Eminent Domain

Below please find a recent op-ed by Len Munsil.
Private Property Rights Must Be Protected
by Len Munsil
The words “eminent domain” aren’t used by most of us on a daily basis. There’s a good possibility most folks don’t use the term at all. There’s something about the phrase that sounds vaguely bookish. Certainly it has nothing to do with us, we might conclude. Well, think again.
Since last year’s notorious Kelo v. City of New London U.S. Supreme Court decision, state legislatures across the country have been attempting to enact laws to severely restrict the power of government to seize land for redevelopment.

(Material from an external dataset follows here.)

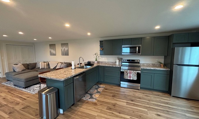 Get ready to relax in this 1-bedroom apartment in Burke. This adorable property offers AC, heating, WiFi, and a washing machine for your convenience. Enjoyable and excellent, this cozy space is perfect for guests looking to unwind and explore all the NEK has to offer. Set up with everything you will need to enjoy your time here. It has a Full Kitchen with all the utensils you would need, full bath, and a king size luxury mattress.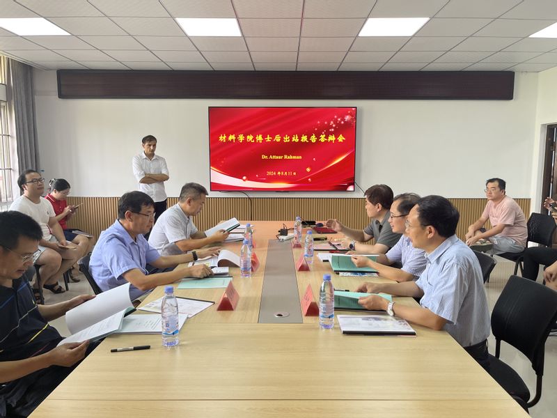 8月11日下午,小宝寻花 在B座520会议室进行了Attaur Rahman博士后的出站报告答辩会。南京大学张善涛教授、中国科学院上海硅酸盐研究所陈学锋研究员、杭州电子科技大学宋开新教授、小宝寻花 化学与环境工程学院李品华教授、彭昌盛教授应邀担任专家组成员。博士后导师左如忠教授及学院部分老师参加会议。张善涛担任专家组组长并主持出站考核会。

The government’s ability to take land for public use at fair market value has long been in place. But historically, these takings have been exercised for public uses that enhance the common good, such as building roadways, bridges or hospitals.
But the Kelo decision approved the more recent practice of local governments taking private property for private use. Local governments have been declaring homes and businesses to be “blighted” in order to condemn the property and transfer it to private developers for “revitalization.” The higher tax revenues generated by such takings are economically beneficial for the cities or towns approving such condemnations.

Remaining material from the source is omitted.